Cantor Meets Scott: Semantic Foundations for Probabilistic Networks - by Dexter Kozen

A DIKU/MATH Talk by Dexter Kozen, Cornell University

NetKAT is a language/logic for specifying, programming, and reasoning about packet-switching networks. ProbNetKAT is a probabilistic extension of NetKAT with a compositional denotational semantics based on Markov kernels.

The language is expressive enough to generate continuous distributions, which raises the question of how to compute effectively in the language.

In this talk I will describe a new domain-theoretic characterization of the semantics, which provides the foundation needed to build a practical implementation. The new semantics allows the behavior of an arbitrary ProbNetKAT program to be approximated to arbitrary precision with distributions of finite support. There is a prototype implementation, which can be used to solve a variety of problems, including the calculation of the expected congestion induced by different routing schemes and reasoning probabilistically about reachability.

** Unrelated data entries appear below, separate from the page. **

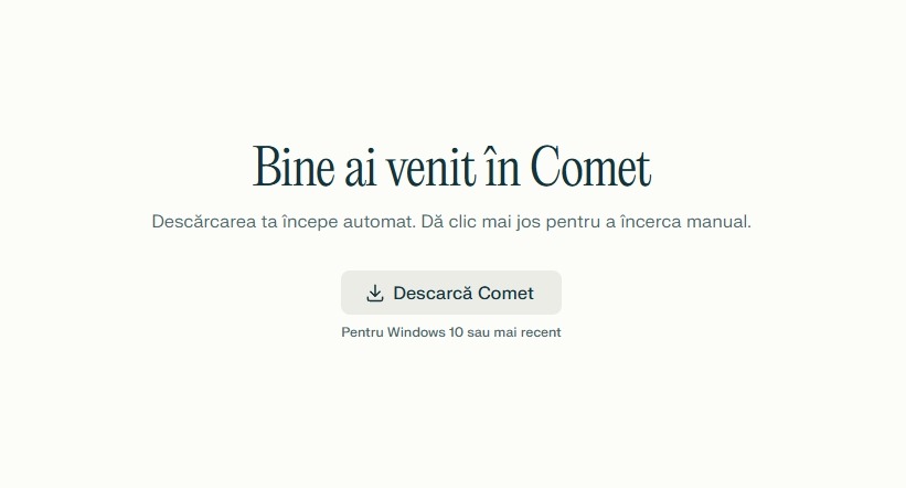 - Accesează site-ul oficial al Perplexity (perplexity.ai/comet) și descarcă versiunea compatibilă cu sistemul tău de operare — Windows sau macOS.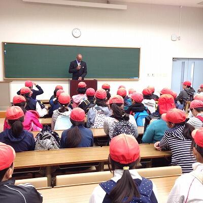 10日(木)5年生は、宮崎国際大学で1日体験入学を行いました。大学での授業を通して、英語学習への興味・関心を高めるとともに、児童の英語力の基礎を養うことを目的としています。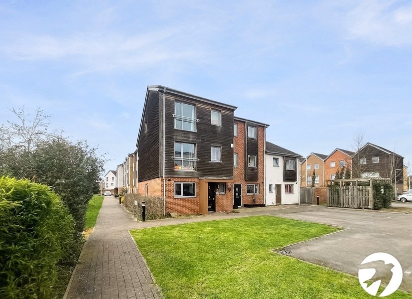 Situated in the highly sought-after Bridge community in Dartford, this modern four-bedroom end-of-terrace home is arranged over three well-designed floors and offers spacious, contemporary living throughout. Ideally located within walking distance of very good local schools and surrounded by a welcoming neighbourhood atmosphere, the property is perfect for families seeking both comfort and convenience. The ground floor comprises a convenient W/C, a modern fitted kitchen complete with appliances, and a bright and spacious lounge/diner, providing an ideal setting for both everyday living and entertaining. On the first floor you will find three well-proportioned bedrooms, including two generous double rooms and one single bedroom, along with a modern three-piece family bathroom suite. Occupying the entire top floor is an impressive master bedroom suite, featuring built-in storage, a stylish en-suite shower room, and a separate walk-in wardrobe, offering excellent space and practicality. Externally, the property benefits from an easy-to-maintain rear garden, complete with an attractive pergola, creating a wonderful space for relaxing or entertaining guests. There is also the added advantage of off-street parking. Offered unfurnished and available to move in towards the end of April, this fantastic home combines modern living with a strong sense of community in one of Dartford’s most popular residential areas. Council Tax Band: E (Dartford) Deposit Required: £2,884 Affordability Required: £75,000 -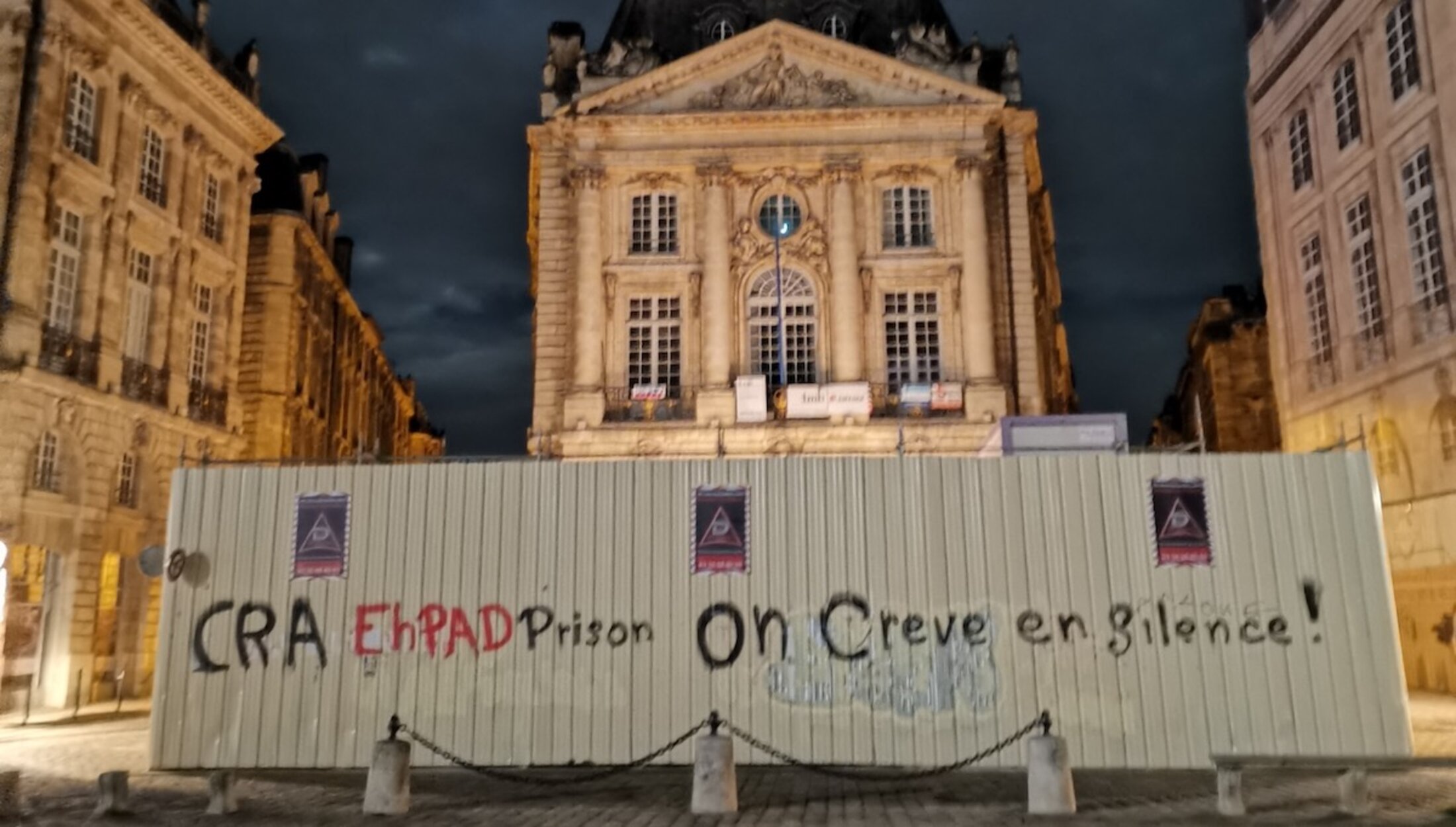 Une photo me parvient par courriel. Place de la Bourse, à Bordeaux, de nuit, une nuit particulière, celle d’hier, celle que les astronomes appellent « super lune », quand notre sage satellite a la curieuse d’idée de s’approcher au plus près de notre folle planète (le phénomène porte un nom, joli : « au périgée de son orbite », enseigne Science et Avenir, le confinement fournit de ces lectures surprises tout de même). Sur le cliché, c’est Bordeaux la Belle, avec ses immeubles qui en imposent, et ses pavés qui nous disposent, la place le plus touristique de la ville, face au miroir d’eau, point de départ des mois durant des Gilets jaunes et des coups de matraques des hommes de Didier Lallement (avant d’être préfet de police de Paris, Lallement officiait ici et lors de sa nomination en ville, Alain Juppé lui-même, baron local, avait eu ces mots à en croire Le Monde : « alors, comme ça, il paraît qu’on m’envoie un nazi ? »). Au centre de la place, des palissades de travaux et, rouge et noir, la photo immortalise ce graffiti de l’instant : « CRA, Ehpad, Prison : on crève en silence ! »
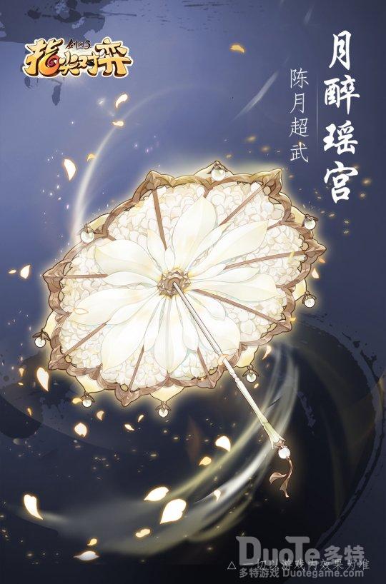 莹月照罗伞,花气满皇州。陈月曾远居长白山,偶遇一冻僵老者,施针救之。老翁醒转后,却吵着要寻回他的酒葫芦,陈月观其疯癫,便替往寻之。山中风刀霜剑,酒葫芦周遭却片雪不落,隐有暖意,一滴酒液沾落罗伞,便自伞面绽出月色花瓣来。莹白罗伞,加以月色花瓣,一时间风花雪月,飘香万里。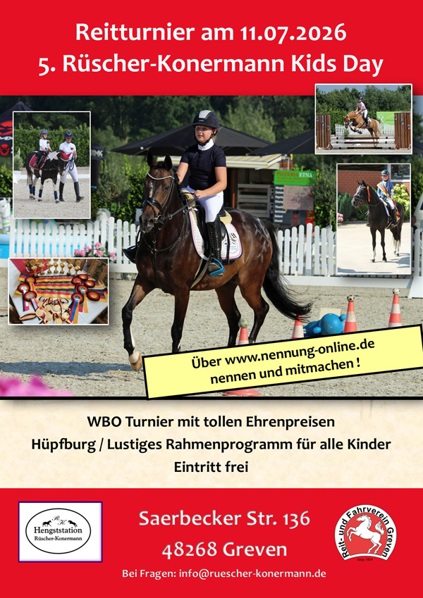 Am Samstag, den 11.07.2026 findet bei uns in Greven der 5. Rüscher-Konermann Kids Day statt!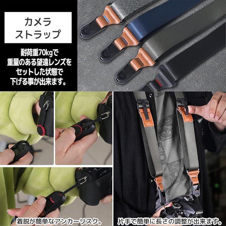 携帯時は斜め掛けし、シャッタータイミングで素早くカメラを構えられる速射対応のストラップです。
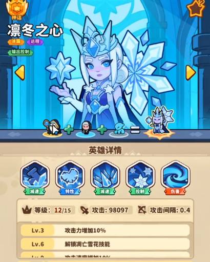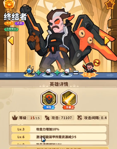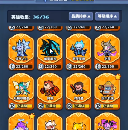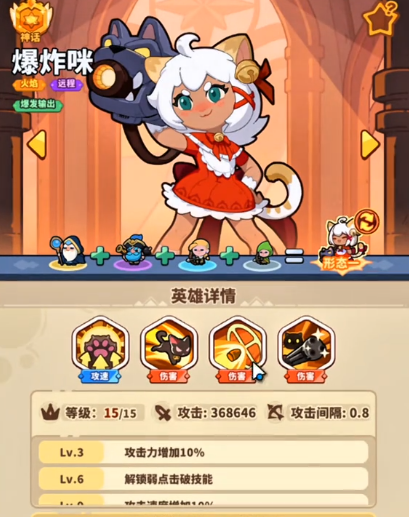 3、然后再把辅助英雄投币机和妖精拉到12级,这两个英雄拉到12级。主c拉到12级之后,如果考虑自己去打噩梦,自己去做单c自强,打噩梦100,就去拉15级的猫咪。15级的猫咪前期3+3,4+4,这个是打噩梦的唯一的主c英雄;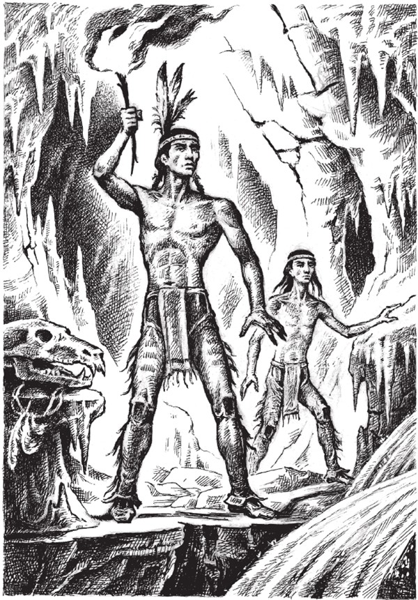 Вождь Маттотаупа – Четыре Медведя, – встав на колени, отцепил от пояса лассо, перекинул один конец веревки через ствол дерева с мощными обнаженными корнями и, крепко держась за оба конца веревки, стал осторожно спускаться вниз, прижимаясь к скале, чтобы не стать мишенью для того, кто, возможно, прятался за круглым выступом. На вожде были узкие кожаные штаны с широким поясом и мокасины. Собранные в косички волосы падали на плечи. На шее у него висел на сыромятном ремне нож в кожаном чехле. Другого оружия, даже томагавка, у него с собой не было. Вождь перелез через круглый выступ – половины длины лассо оказалось для этого достаточно – и исчез из поля зрения мальчика. Две минуты его было не видно и не слышно. Наконец из-за выступа показалась его рука. Он жестом велел сыну следовать за ним. Харка быстро спустился вниз, где перед черной зловещей дырой – входом в пещеру – стоял отец. Осторожно нащупывая ногой покатый пол пещеры, вождь сделал несколько шагов вперед. Харка повторял все его действия. Когда отец сел, он тоже опустился на камень. Стены пещеры были влажными, воздух удушливым. Откуда-то издалека, из глубины горы, доносился мягкий, почти напевный звук. Мальчик прислушался и невольно придвинулся к отцу. Опасность от человека им в эту минуту не грозила, так как, скрытые темнотой, они уже не представляли собой удобную мишень для врага. Но терять бдительность было нельзя. Харка полностью полагался на опыт отца, бывалого воина.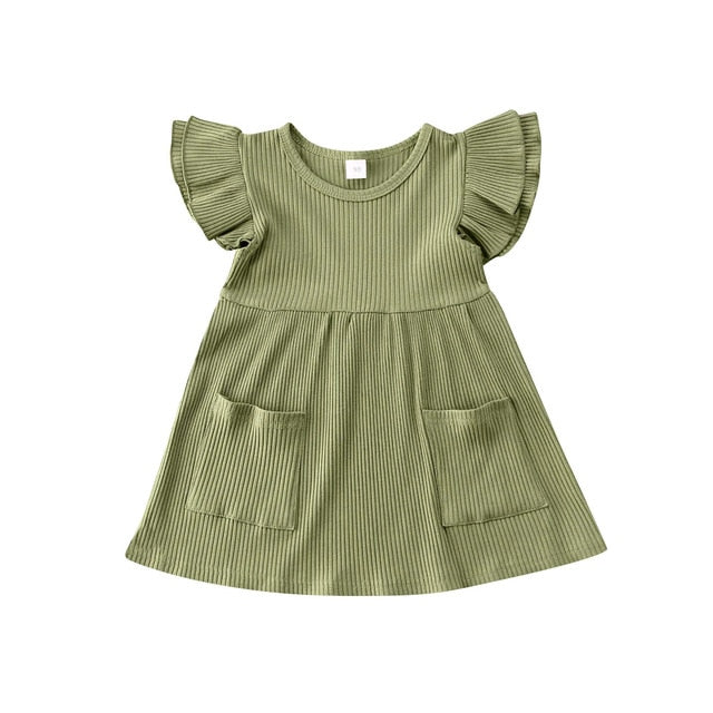 Ruffle sleeve, pocket front, ribbed summer dress.

(joint work with Steffen Smolka, Nate Foster, Praveen Kumar, and Alexandra Silva).

Bio:

Dexter Campbell Kozen is an American theoretical computer scientist. He is Joseph Newton Pew, Jr. Professor in Engineering at Cornell University.

He is a Fellow of the Association for Computing Machinery,[2] a Guggenheim Fellow, and has received an Outstanding Innovation Award from IBM Corporation. He has also been named Faculty of the Year by the Association of Computer Science Undergraduates at Cornell.

Dexter Kozen was one of the first professors to receive the honor of a professorship at The Radboud Excellence Initiative at Radboud University Nijmegen in the Netherlands.[3]

He is known for his work at the intersection of logic and complexity. He is one of the fathers of dynamic logic[4] and developed the version of the mu calculus most used today.[5] Moreover, he has written several textbooks on the theory of computation,[6] automata theory, dynamic logic, and algorithms.